By reason of this depravity, the Lord must purge His people by sore judgments. He will melt it in the fire of affliction (Isaiah 48:10), to separate the wicked: cf. Isaiah 1:25; Zechariah 13:9; and on בּחן, Jeremiah 6:27. For how should I do, deal? Not: what dreadful judgments shall I inflict (Hitz., Gr.), in which case the grounding כּי would not have its proper force; but: I can do none otherwise than purge.

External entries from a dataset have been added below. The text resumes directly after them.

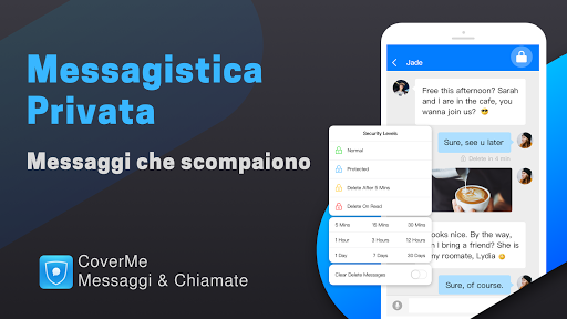 CoverMe consente un controllo totale sulla messaggistica. Saprai subito quando il destinatario ha letto i tuoi messaggi. Puoi impostare i tuoi messaggi in modo che scompaiano una volta letti. Non dovrai mai più preoccuparti che i tuoi messaggi privati possano essere distribuiti o archiviati!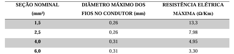 - Bitolas (Seções Nominais): foram selecionadas as bitolas de maior uso no mercado: 1,5 mm², 2,5 mm², 4,0 mm² e 6,0 mm².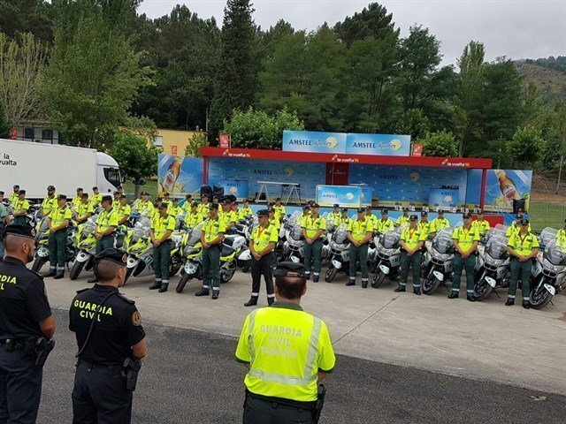 Casi 230 agentes de la Guardia Civil, 128 de la Unidad de Movilidad y Seguridad Vial (UMSV) y otro centenar de la Zona de Cantabria, formarán parte del dispositivo de seguridad con motivo del paso de dos etapas de La Vuelta por Cantabria este miércoles y jueves, 6 y 7 de septiembre. La UMSV está compuesta por un total de 128 agentes de los que 79 pertenecen a la Agrupación de Tráfico, 38 a la Agrupación de Reserva y Seguridad, 5 al Servicio Aéreo, 4 componentes del Servicio de Automovilismo y 2 de Servicio de Transmisiones, que son los encargados de establecer los diferentes dispositivos de seguridad y coordinarlos con el resto de Unidades Territoriales de la Guardia Civil y de otras Fuerzas y Cuerpos de Seguridad. Para desempeñar su cometido en este dispositivo de seguridad, del que ha informado en un comunicado la Guardia Civil, cuentan con el apoyo de 1 helicóptero, 58 motos, 2 autobuses, 10 vehículos todoterreno, 2 furgones, 1 vehículo taller y 1 vehículo para suministro de carburante, entre otros medios materiales. Entre los cometidos asignados a la UMSV se encuentran el proporcionar seguridad y movilidad vial a los corredores de La Vuelta, vehículos de organización, apoyo y caravana publicitaria, medios de comunicación, así como al resto de usuarios que puedan circular por las vías afectadas por la misma. Asimismo, se encarga de mantener y restablecer, si fuese necesario, el orden público en las zonas de influencia de las salidas y llegadas de las diferentes etapas de La Vuelta y en otras zonas afectadas por este acontecimiento deportivo. A ellos se sumarán aproximadamente un centenar de agentes de la
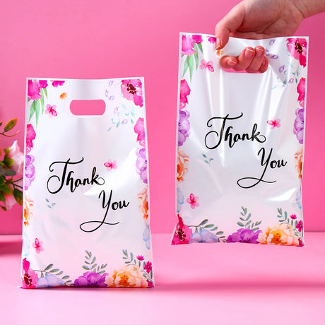 デイジー柄が可愛いプラスチック製のギフトバッグは、パーティーやイベント、店舗での使用に最適です...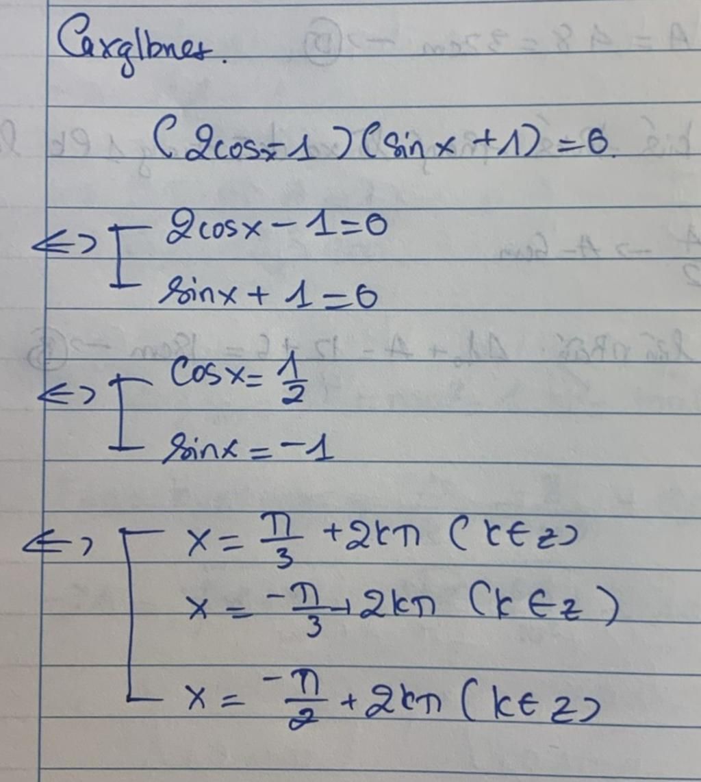 $\Leftrightarrow$ \(\left[ \begin{array}{l}2\cos x-1=0\\\sin x+1=0\end{array} \right.\)

Before the face of, i.e., by reason of, the daughter, because the daughter of my people behaves herself as has been described in Jeremiah 9:2-4, and as is yet to be briefly repeated in Jeremiah 9:7. The lxx have paraphrased מפּני: ἀπὸ προσώπου πονηρίας. This is true to the sense, but it is unfair to argue from it, as Ew., Hitz., Gr. do, that רעת has been dropped out of the Hebrew text and should be restored. - In Jeremiah 9:7 what has been said is recapitulated shortly, and then in Jeremiah 9:8 the necessity of the judgment is shown. חץ שׁוחט, a slaying, slaughtering, i.e., murderous arrow. Instead of this Chet., which gives a good sense, the Keri gives שׁחוּט, which, judging from the Chald. translation, is probably to be translated sharpened. But there is no evidence for this sig., since שׁחוּט occurs only in connection with זהב, 1 Kings 10:16, and means beaten, lit., spread gold. At מרמה דבּר the plural passes into the singular: he (one of them) speaks; cf. Psalm 55:22. ארב for insidious scheming, as in Hosea 7:6. With Jeremiah 9:8 cf. Jeremiah 5:9, Jeremiah 5:29.